Astra-Zeneca’s Epanova—a highly processed carboxylic acid form of EPA and DHA– failed to deliver the expected reduction in major cardiovascular events observed during 2019’s REDUCE-IT trial using the fish oil-based Vascepa EPA.
The just-published multicenter STRENGTH trial ( (STatin Residual Risk Reduction With EpaNova in HiGh CV Risk PatienTs With Hypertriglyceridemia) randomized 13,078 high-risk patients to treatment with either 4 grams per day of Epanova, called “omega-3 CA” in the study, or a corn oil placebo, which the researchers arguably considered “inert.
All patients had some combination of established cardiovascular disease, diabetes, overweight, hypertriglyceridemia or low HDL levels. The study interventions were added on top of the patients’ existing drug regimens. The majority was on statins.

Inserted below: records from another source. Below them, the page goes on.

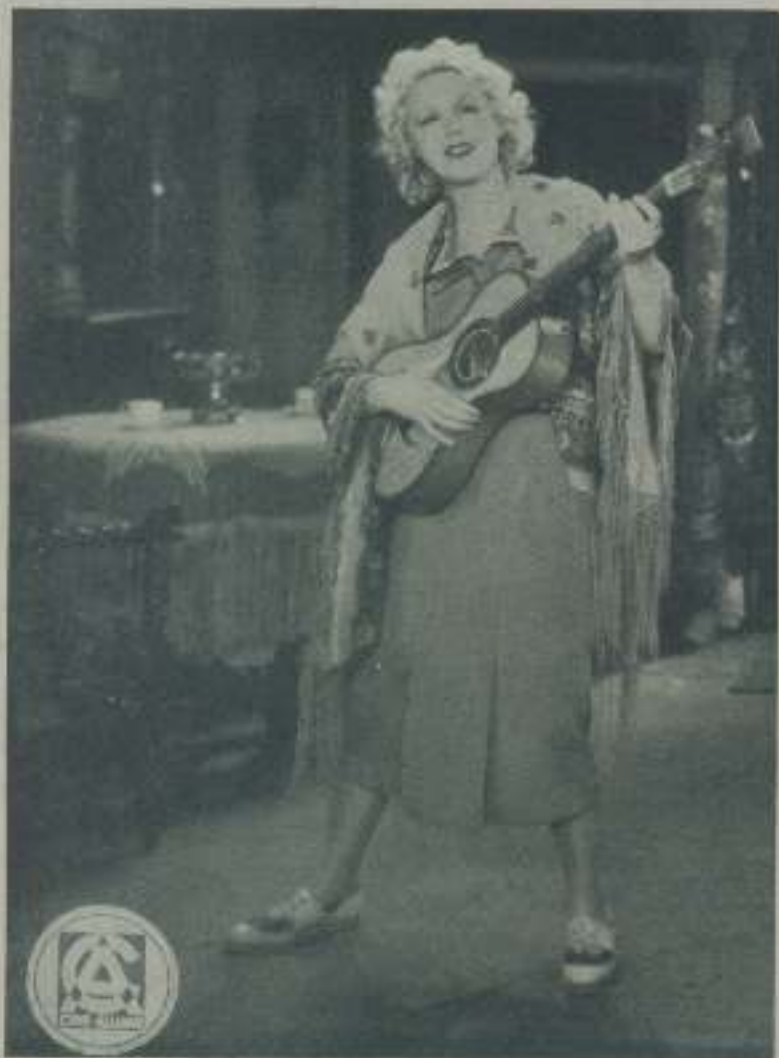
ANNY ONDRA, protagonista de "La viñeta de los cuentos de Hoffman" de Ufilm

Desconocida nos pareció la gentil estrella alemana cuando, con motivo del combate de su esposo Schmeling con nuestro Uscodan, llegó a Barcelona. La pispireta criatura que en las películas cinematográficas salta como cabellera loca adoptando las más cómicas posiciones, se nos había convertido en mujercita juiciosa de cara picaresca y traviesa y ojos claros e ingenuos que nos miraban con cierta curiosidad al advertir nuestra admiración. De su rostro, había huido la candidez de sus manifestaciones cinematográficas; su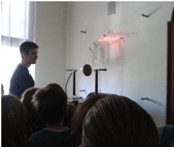
Način rada svetleće reklame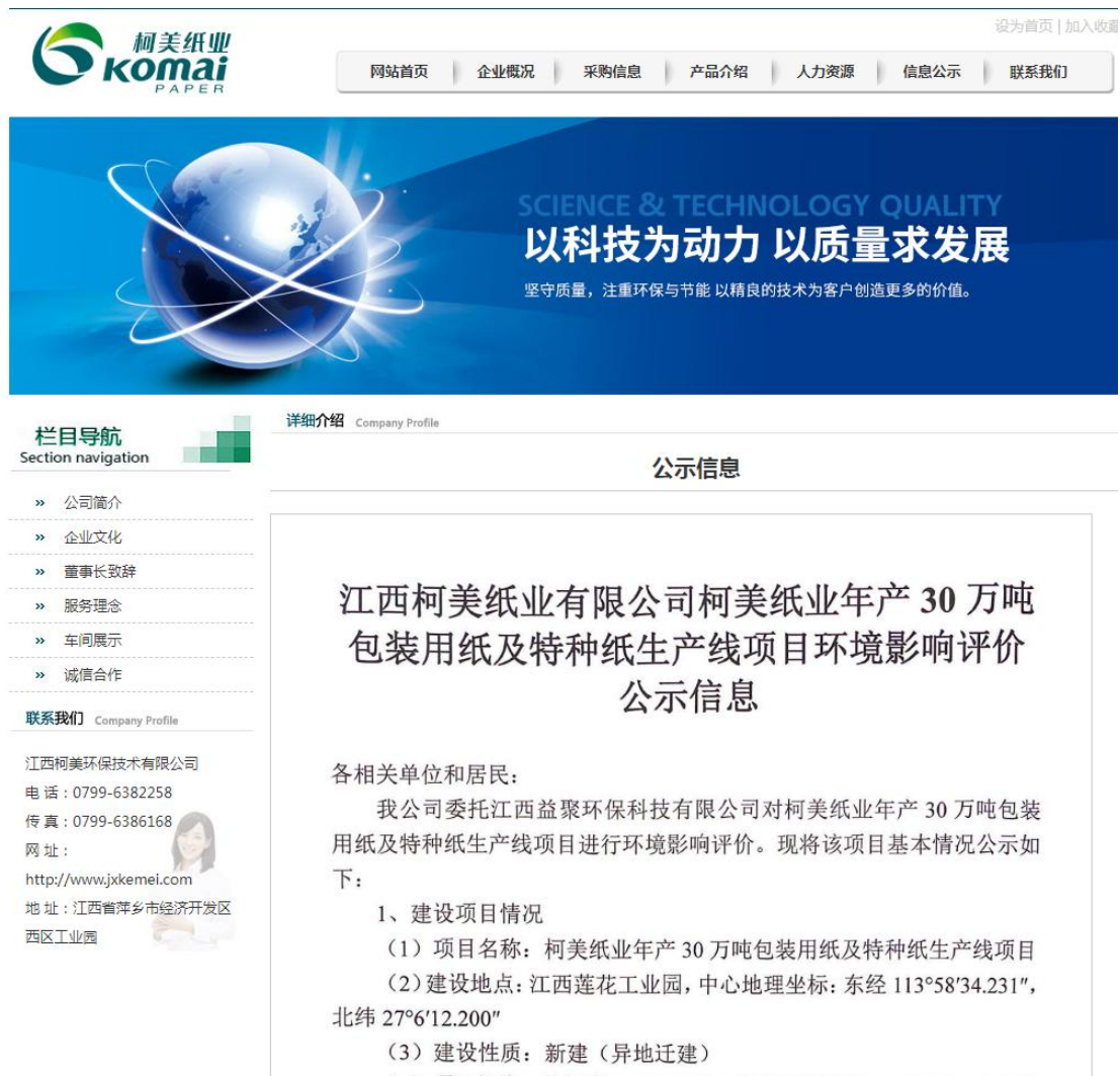
图 2.2-1 项目征求意见稿环境影响评价环境信息公示图

我公司于 2024 年 4 月 15 日在江西柯美纸业有限公司官方网站（公示网址链接： http://jxkemei.com/view7-12.html ）发布了项目征求意见稿环境影响评价信息公示。

The primary outcomes assessed were major adverse cardiovascular events (MACE) including CVD-related death, nonfatal myocardial infarction, nonfatal stroke, unstable angina requiring hospitalization, or admissions for coronary revascularization procedures.
An Early End
The STRENGTH researchers, based at 675 centers in 22 different countries worldwide, began the study in 2014, and intended to carry on the evaluation until a total of 1,600 patients had had one or more of the index cardiovascular events. But they opted to end the trial earlier this year, after 1,384 patients had index events.
At that point an interim analysis showed absolutely no difference between Epanova and the corn oil placebo in terms of reducing MI, stroke, or unstable angina (Nicholls SJ, et al. JAMA. 2020).
Of the 6,539 patients treated with omega-3 CA, 785 patients (12.0%) had major events. Among the 6,539 on the corn oil placebo, there were 795 events (12.2%).
The investigators decided that after 6 years of follow up, any potential benefit from the drug would have become apparent, so it was unlikely that continuing the study would change the ultimate conclusion.
The findings are surprising for three reasons.
First, the omega-3 CA did reduce triglyceride, non-HDL cholesterol, and hs-CRP levels compared with the corn oil placebo. Based on this, it is entirely reasonable to expect that these changes would lead to a reduction in MACE.
Second, there was a small but significant increase in new-onset atrial fibrillation in the Epanova cohort compared with those on placebo (2.2% versus 1.3%), suggesting that in some people, addition of an omega-3 drug might actually raise rather than lower overall cardiovascular risk.
An interim analysis showed absolutely no difference between Epanova and the corn oil placebo in terms of reducing MI, stroke, or unstable angina
Third, the STRENGTH findings diverge from the more promising REDUCE-IT study (Reduction of Cardiovascular Events With EPA – Intervention Trial), which showed that among 8,179 high risk patients, 2 g of Vascepa twice daily (on top of whatever other drugs they were taking) a very significant 25% reduction in the risk of ischemic events, including cardiovascular death (Bhatt DL, et al. N Engl J Med. 2019).
REDUCE-IT and STRENGTH are very similar in trial designs, patient populations, and study endpoints. The main differences were the particular omega-3 drug being tested, and the type of placebo used for comparison; STRENGTH used corn oil, REDUCE-IT used mineral oil.
The reasons for the unexpected lackluster performance of omega-3 CA are not entirely clear, but there are several possible explanations. One is that the patients had already reached optimum risk reduction via statins, other drugs, and whatever diet/lifestyle changes they’d already made that any additional benefit from the omega-3 drug would be negligible.
This is plausible, but it does not explain the difference between STRENGTH and REDUCE it.
Though there’s never been a head-to-head comparison of Epanova versus Vascepa for secondary prevention of MACE, it may simply be that the latter confers certain benefits that the former does not. Some have suggested that the DHA present in Epanova might be detrimental because it can potentially raise LDL cholesterol.
The STRENGTH trial is a major disappointment for Astra-Zeneca, and it raises the question of whether Epanova has any meaningful role to play in secondary prevention of cardiovascular disease.
There’s also a question of whether either placebo—corn oil or mineral oil—is truly inert from a cardiometabolic viewpoint. Many in the holistic/functional medicine world would argue that corn oil is bioactive and certainly not inert.
In summary, the STRENGTH trial is a major disappointment for Astra-Zeneca, and it raises the question of whether Epanova has any meaningful role to play in secondary prevention of cardiovascular disease.
The company was betting big on the drug as a way to capture a chunk of the multi-billion dollar prescription omega-3 market.
It is not clear whether these findings have any relevance for the use of omega-3 supplements—or consumption of omega-3 rich foods—as part of a heart-healthy diet. But they do underscore the challenges inherent whenever pharmaceutical companies purify and concentrate a nutrient with the intention of marketing it as a targeted disease therapy.